_Records for the task_
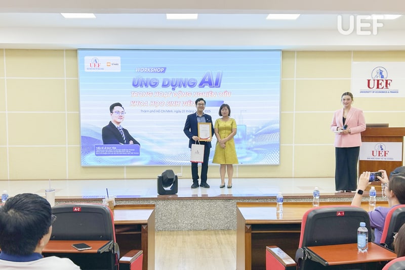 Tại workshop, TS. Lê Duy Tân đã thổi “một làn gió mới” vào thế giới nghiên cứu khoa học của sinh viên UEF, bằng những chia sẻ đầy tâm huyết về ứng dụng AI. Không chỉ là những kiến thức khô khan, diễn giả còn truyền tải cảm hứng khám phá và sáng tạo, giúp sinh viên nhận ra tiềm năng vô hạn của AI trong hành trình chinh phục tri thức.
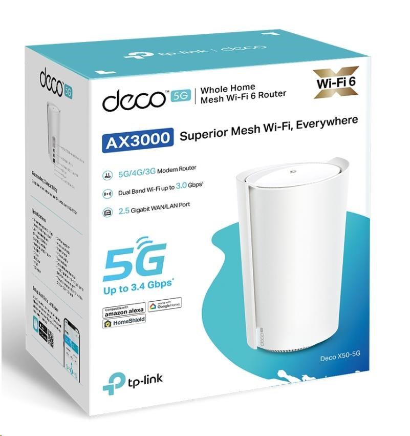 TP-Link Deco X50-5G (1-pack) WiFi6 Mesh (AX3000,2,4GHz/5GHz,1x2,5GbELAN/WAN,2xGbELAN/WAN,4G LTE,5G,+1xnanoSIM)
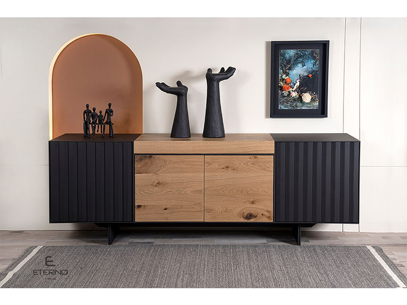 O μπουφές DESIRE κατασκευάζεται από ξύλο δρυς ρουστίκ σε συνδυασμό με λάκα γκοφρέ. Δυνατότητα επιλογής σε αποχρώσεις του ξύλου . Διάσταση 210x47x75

...

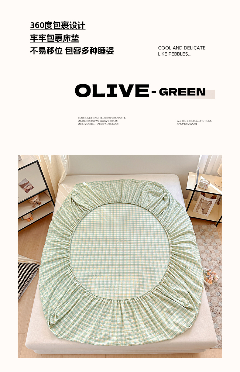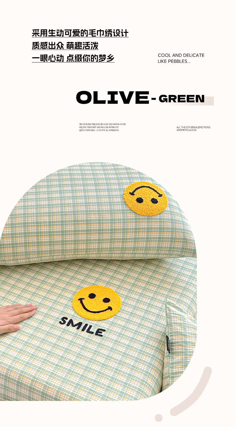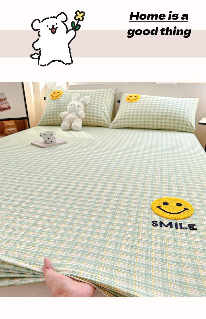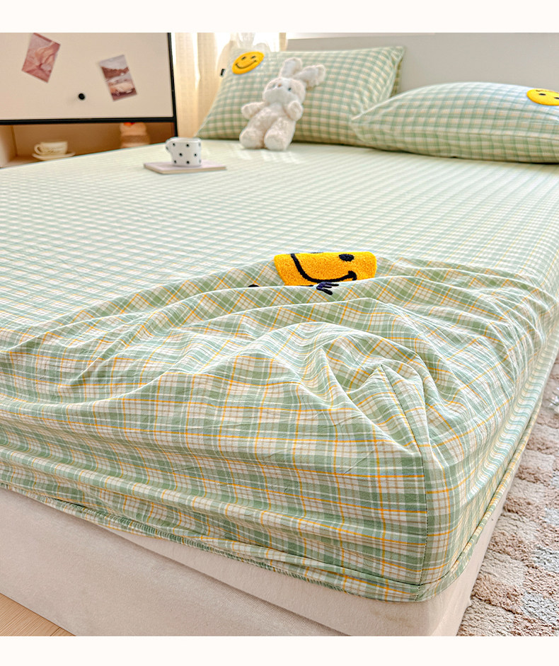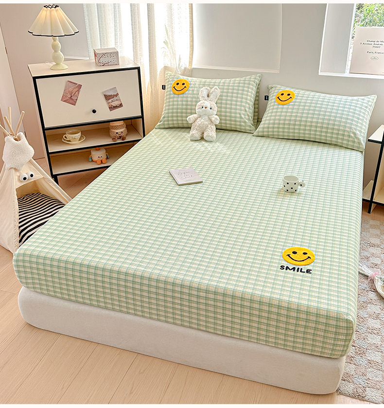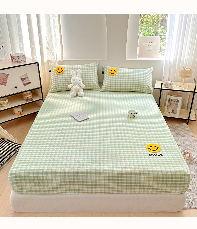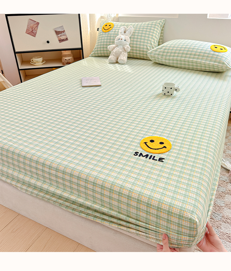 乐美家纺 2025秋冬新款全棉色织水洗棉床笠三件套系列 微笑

* * *

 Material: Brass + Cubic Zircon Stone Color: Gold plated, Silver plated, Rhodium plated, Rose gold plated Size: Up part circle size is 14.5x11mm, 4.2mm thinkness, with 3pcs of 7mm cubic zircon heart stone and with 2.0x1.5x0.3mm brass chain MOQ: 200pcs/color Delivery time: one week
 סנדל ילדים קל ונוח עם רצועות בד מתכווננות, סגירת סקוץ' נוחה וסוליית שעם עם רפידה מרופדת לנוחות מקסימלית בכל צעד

_Problem details_
Find the line with "Tại workshop, TS." and the line with "TP-Link Deco X50-5G" in the records above. Copy both and all lines between them exactly, without pictures.

_Response area_
 Tại workshop, TS. Lê Duy Tân đã thổi “một làn gió mới” vào thế giới nghiên cứu khoa học của sinh viên UEF, bằng những chia sẻ đầy tâm huyết về ứng dụng AI. Không chỉ là những kiến thức khô khan, diễn giả còn truyền tải cảm hứng khám phá và sáng tạo, giúp sinh viên nhận ra tiềm năng vô hạn của AI trong hành trình chinh phục tri thức.
 TP-Link Deco X50-5G (1-pack) WiFi6 Mesh (AX3000,2,4GHz/5GHz,1x2,5GbELAN/WAN,2xGbELAN/WAN,4G LTE,5G,+1xnanoSIM)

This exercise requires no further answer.